BibTeX Click to copy
@article{chi-wing2014a,
title = {Neural correlates of auditory recognition memory in the primate dorsal temporal pole.},
year = {2014},
journal = {Journal of Neurophysiology},
author = {Ng, Chi-Wing and Plakke, B. and Poremba, A.}
}
Temporal pole (TP) cortex is associated with higher-order sensory perception and/or recognition memory, as human patients with damage in this region show impaired performance during some tasks requiring recognition memory (Olson et al. 2007). The underlying mechanisms of TP processing are largely based on examination of the visual nervous system in humans and monkeys, while little is known about neuronal activity patterns in the auditory portion of this region, dorsal TP (dTP; Poremba et al. 2003). The present study examines single-unit activity of dTP in rhesus monkeys performing a delayed matching-to-sample task utilizing auditory stimuli, wherein two sounds are determined to be the same or different. Neurons of dTP encode several task-relevant events during the delayed matching-to-sample task, and encoding of auditory cues in this region is associated with accurate recognition performance.
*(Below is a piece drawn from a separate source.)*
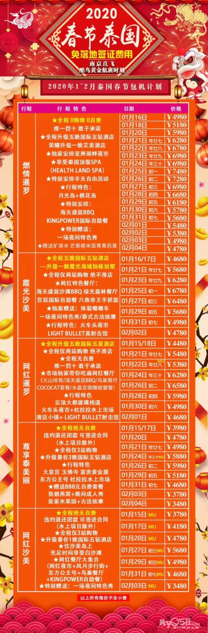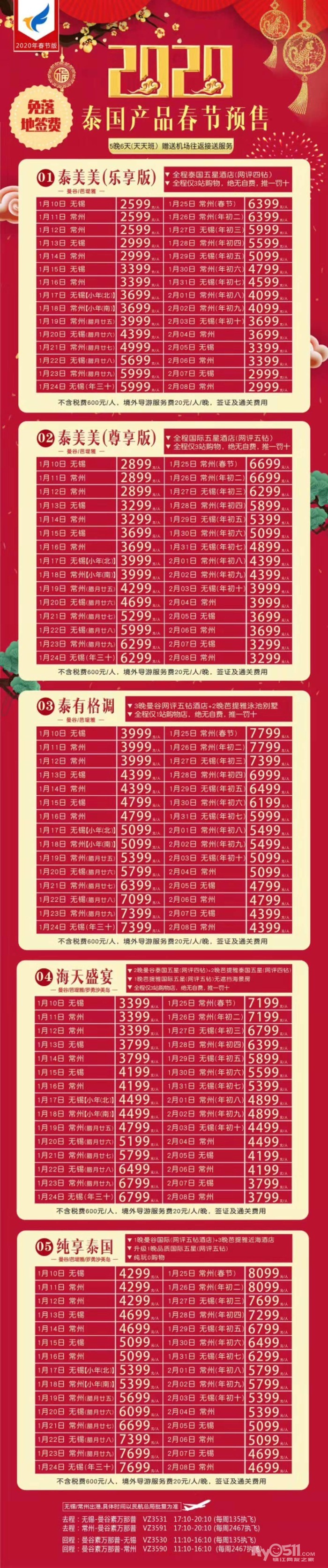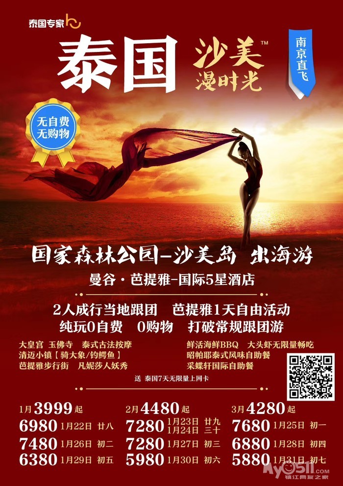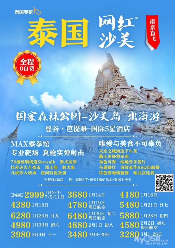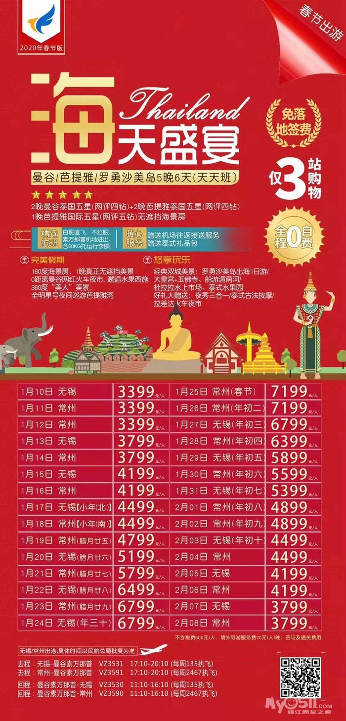 以下线路报名即送镇江至机场往返接送!!!

Population activity in dTP shows a match suppression mechanism to identical, repeated sound stimuli similar to that observed in the visual object identification pathway located ventral to dTP (Desimone 1996; Nakamura and Kubota 1996). However, in contrast to sustained visual delay-related activity in nearby analogous regions, auditory delay-related activity in dTP is transient and limited. Neurons in dTP respond selectively to different sound stimuli and often change their sound response preferences between experimental contexts. Current findings suggest a significant role for dTP in auditory recognition memory similar in many respects to the visual nervous system, while delay memory firing patterns are not prominent, which may relate to monkeys' shorter forgetting thresholds for auditory vs. visual objects.